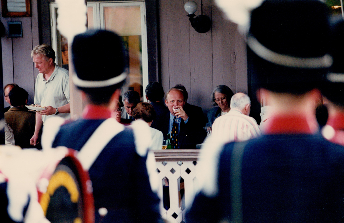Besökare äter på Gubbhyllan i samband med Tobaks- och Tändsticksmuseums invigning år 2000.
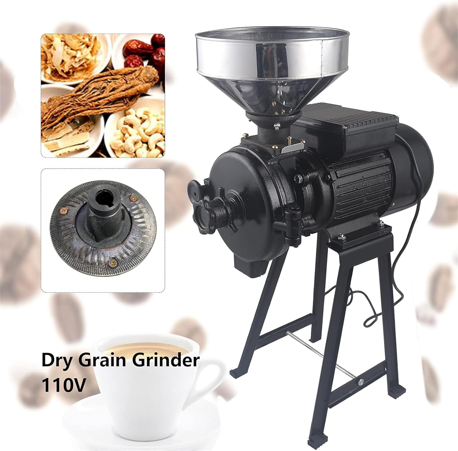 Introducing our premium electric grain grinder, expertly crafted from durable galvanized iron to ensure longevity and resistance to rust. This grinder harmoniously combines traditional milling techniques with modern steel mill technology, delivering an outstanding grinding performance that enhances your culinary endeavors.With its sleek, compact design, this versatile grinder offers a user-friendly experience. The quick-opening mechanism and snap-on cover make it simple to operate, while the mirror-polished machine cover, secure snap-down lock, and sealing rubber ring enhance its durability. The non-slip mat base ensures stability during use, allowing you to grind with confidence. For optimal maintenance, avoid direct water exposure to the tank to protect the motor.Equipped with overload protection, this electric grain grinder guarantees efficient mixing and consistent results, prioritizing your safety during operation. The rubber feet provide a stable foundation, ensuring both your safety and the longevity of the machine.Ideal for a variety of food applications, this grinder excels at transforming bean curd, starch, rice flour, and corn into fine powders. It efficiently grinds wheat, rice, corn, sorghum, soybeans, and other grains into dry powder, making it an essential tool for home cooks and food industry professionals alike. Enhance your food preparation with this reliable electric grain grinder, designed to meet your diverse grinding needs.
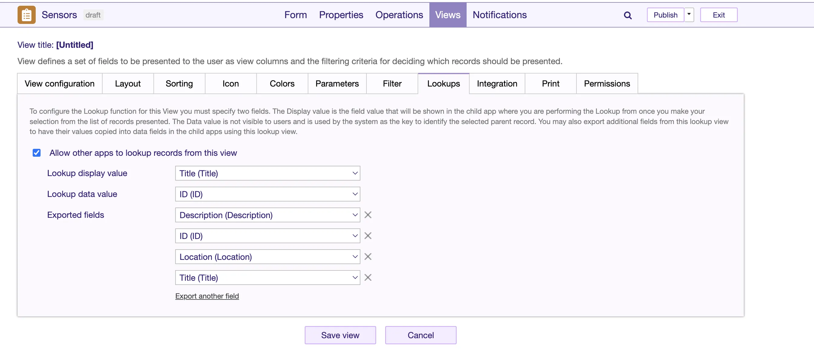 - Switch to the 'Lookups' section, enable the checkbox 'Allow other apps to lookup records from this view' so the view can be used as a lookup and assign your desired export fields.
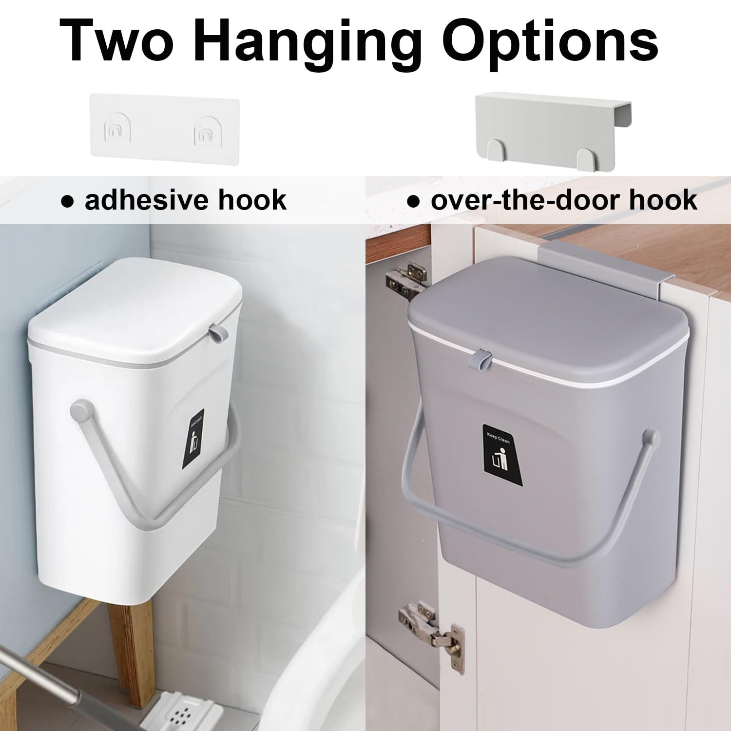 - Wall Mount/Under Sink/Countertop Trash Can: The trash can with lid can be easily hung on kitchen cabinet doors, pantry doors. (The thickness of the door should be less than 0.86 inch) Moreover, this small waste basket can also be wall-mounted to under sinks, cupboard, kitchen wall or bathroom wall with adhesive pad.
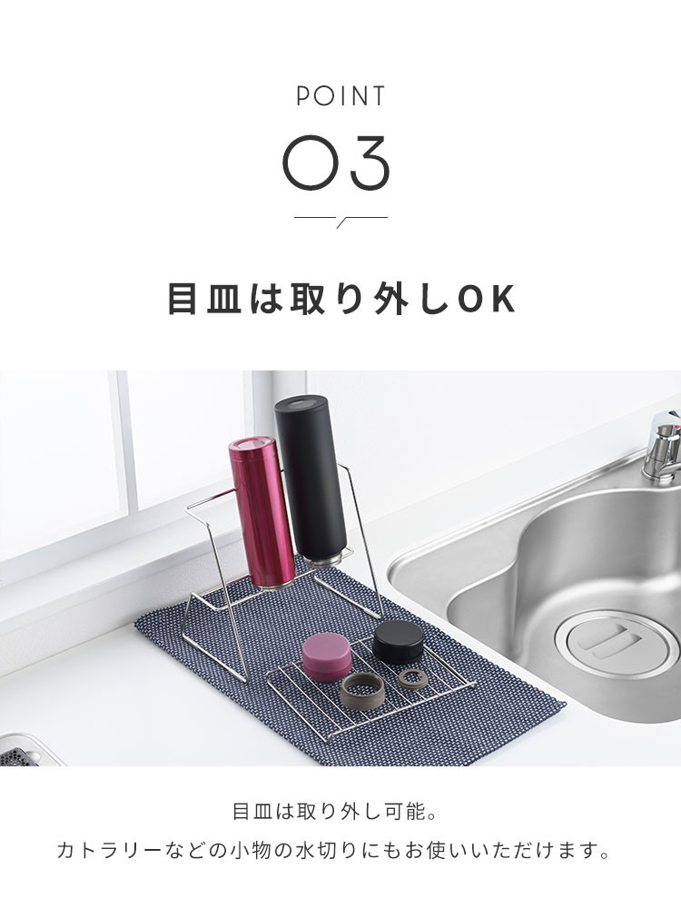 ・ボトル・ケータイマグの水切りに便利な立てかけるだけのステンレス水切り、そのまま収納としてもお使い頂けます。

________

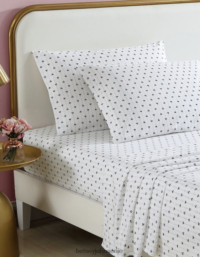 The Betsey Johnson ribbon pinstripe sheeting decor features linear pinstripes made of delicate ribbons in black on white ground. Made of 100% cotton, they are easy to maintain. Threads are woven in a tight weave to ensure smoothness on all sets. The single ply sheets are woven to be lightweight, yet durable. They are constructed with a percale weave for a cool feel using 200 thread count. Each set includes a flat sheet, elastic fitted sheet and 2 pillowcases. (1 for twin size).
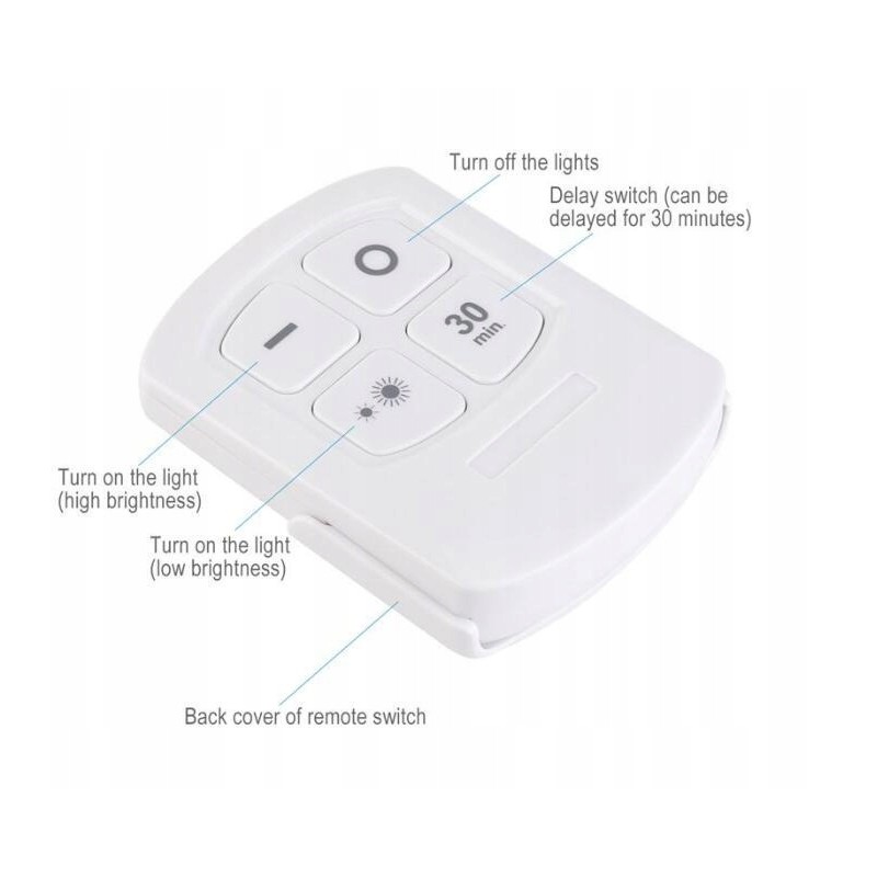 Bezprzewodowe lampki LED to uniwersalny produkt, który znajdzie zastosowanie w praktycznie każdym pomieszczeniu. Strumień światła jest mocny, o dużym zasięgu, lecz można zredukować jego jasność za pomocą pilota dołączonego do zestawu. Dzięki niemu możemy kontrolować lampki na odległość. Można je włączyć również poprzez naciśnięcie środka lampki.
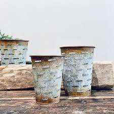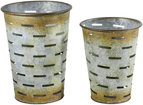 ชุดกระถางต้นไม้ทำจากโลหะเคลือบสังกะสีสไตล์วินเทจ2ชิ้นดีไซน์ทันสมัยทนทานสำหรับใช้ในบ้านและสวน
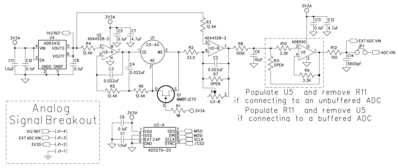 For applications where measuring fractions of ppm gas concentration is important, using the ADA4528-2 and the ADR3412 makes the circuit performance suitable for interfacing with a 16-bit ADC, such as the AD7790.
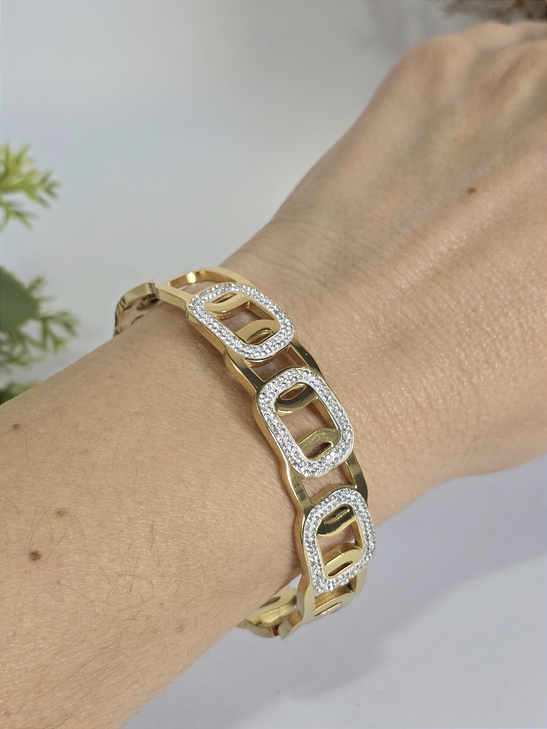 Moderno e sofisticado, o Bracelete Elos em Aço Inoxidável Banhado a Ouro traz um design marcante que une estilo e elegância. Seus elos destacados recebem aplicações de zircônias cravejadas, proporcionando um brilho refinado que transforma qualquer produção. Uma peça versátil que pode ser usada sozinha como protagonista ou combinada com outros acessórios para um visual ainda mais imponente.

________

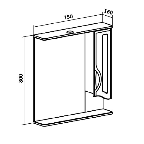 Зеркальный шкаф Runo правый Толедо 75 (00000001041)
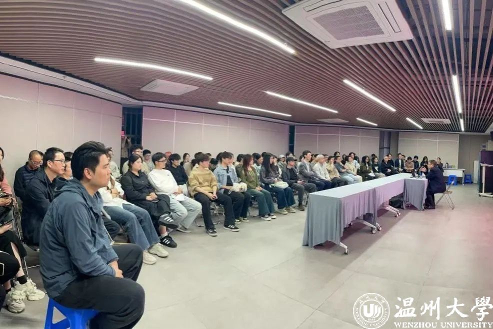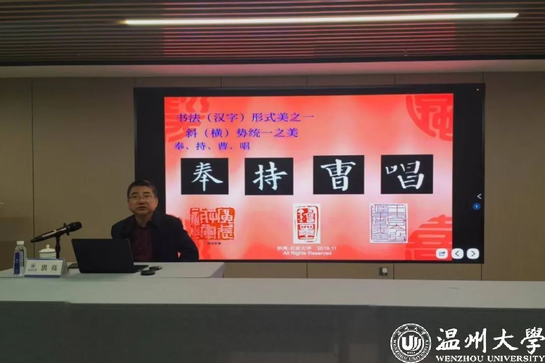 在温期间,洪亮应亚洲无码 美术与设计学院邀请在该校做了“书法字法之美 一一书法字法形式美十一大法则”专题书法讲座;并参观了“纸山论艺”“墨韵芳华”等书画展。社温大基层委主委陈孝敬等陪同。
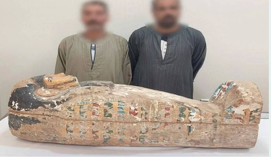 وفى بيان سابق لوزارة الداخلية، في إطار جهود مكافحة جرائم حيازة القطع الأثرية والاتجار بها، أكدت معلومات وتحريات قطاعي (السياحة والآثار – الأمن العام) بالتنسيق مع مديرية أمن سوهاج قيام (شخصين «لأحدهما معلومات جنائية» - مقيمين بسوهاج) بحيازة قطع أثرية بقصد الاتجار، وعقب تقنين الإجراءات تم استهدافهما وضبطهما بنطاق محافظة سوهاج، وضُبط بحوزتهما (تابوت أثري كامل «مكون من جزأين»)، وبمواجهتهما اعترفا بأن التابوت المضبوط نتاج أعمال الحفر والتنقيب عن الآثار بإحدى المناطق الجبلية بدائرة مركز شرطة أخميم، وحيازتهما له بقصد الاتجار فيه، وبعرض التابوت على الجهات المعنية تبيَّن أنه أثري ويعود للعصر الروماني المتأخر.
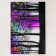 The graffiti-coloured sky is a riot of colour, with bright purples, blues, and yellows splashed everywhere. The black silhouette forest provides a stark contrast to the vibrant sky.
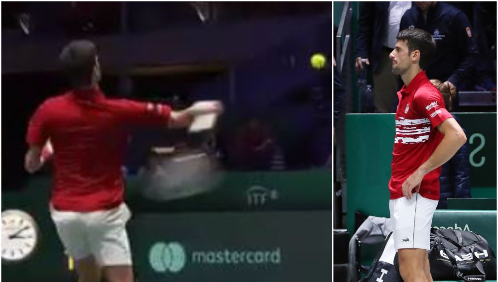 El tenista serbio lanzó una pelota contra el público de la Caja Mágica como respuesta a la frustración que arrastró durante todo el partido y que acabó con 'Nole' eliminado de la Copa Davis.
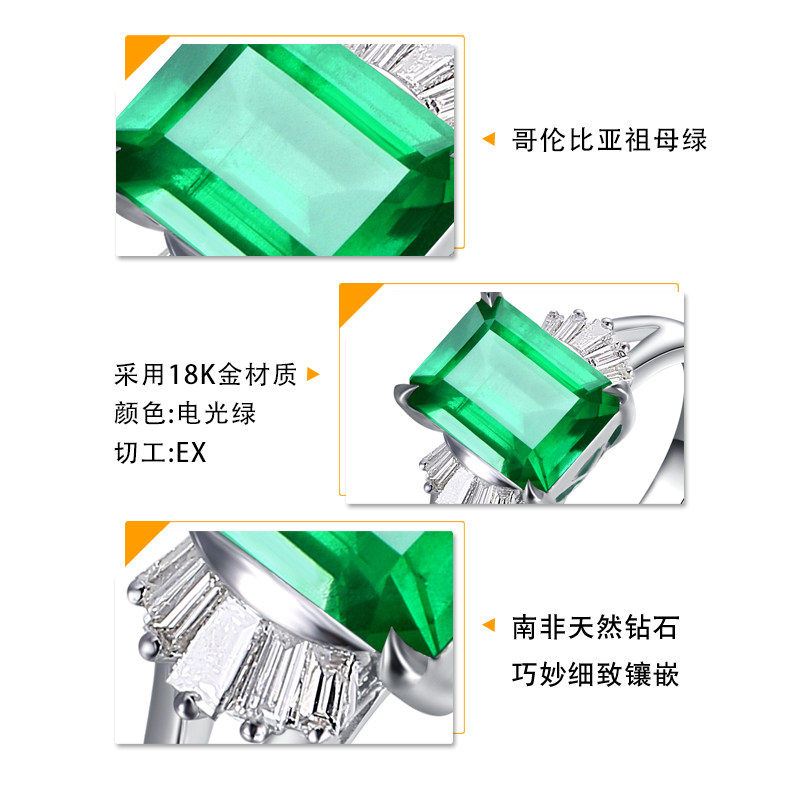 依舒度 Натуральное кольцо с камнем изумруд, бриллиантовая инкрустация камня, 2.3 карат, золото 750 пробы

________

*What you have to do*. Nothing outside the stretch above, from the line with "The graffiti-coloured sky" through the line with "依舒度 Натуральное кольцо", is set down. Transcribe that stretch exactly, ends included, but not its pictures.

*Answer to this exercise*.
 The graffiti-coloured sky is a riot of colour, with bright purples, blues, and yellows splashed everywhere. The black silhouette forest provides a stark contrast to the vibrant sky.
 El tenista serbio lanzó una pelota contra el público de la Caja Mágica como respuesta a la frustración que arrastró durante todo el partido y que acabó con 'Nole' eliminado de la Copa Davis.
 依舒度 Натуральное кольцо с камнем изумруд, бриллиантовая инкрустация камня, 2.3 карат, золото 750 пробы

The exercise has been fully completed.